Synthetic data generation: The sustainable solution for test fixtures: never use real data. Synthetic data generation libraries produce realistic-looking data without real individuals. Libraries such as Faker (Python/Node.js), Factory Boy (Python), and Bogus (.NET) generate contextually appropriate test data for any schema.

Use Case: SaaS Engineering Team Production PII Discovery

A SaaS engineering team using Cursor (AI IDE) for development discovered production customer email addresses in unit test fixtures during a GDPR audit. The test fixtures had been created 18 months earlier when a developer copied 50 customer records from production to write realistic integration tests. The records had been committed to version control and indexed by Cursor.

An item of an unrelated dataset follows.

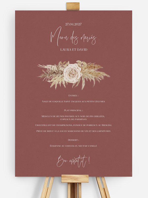 Un vrai régal pour les yeux ! Le joli poster menu de table "Terracotta Lovers" annoncera le repas à vos invités.

In 18 months, the test fixture files had been viewed by Cursor approximately 11,000 times across 8 developers' IDE sessions — each session potentially transmitting the fixture content to the Cursor API.

Remediation:

  1. Replaced all 50 real customer records with Faker-generated synthetic data
  2. Configured .gitignore to exclude log files from version control
  3. Implemented MCP Server integration in Cursor for on-demand PII detection before sharing code snippets
  4. Established engineering team norm: no production data in any file committed to version control

The MCP Server integration was the key workflow change: developers now run PII detection on files before Cursor sessions involving customer-facing code. Zero manual effort beyond the MCP Server call.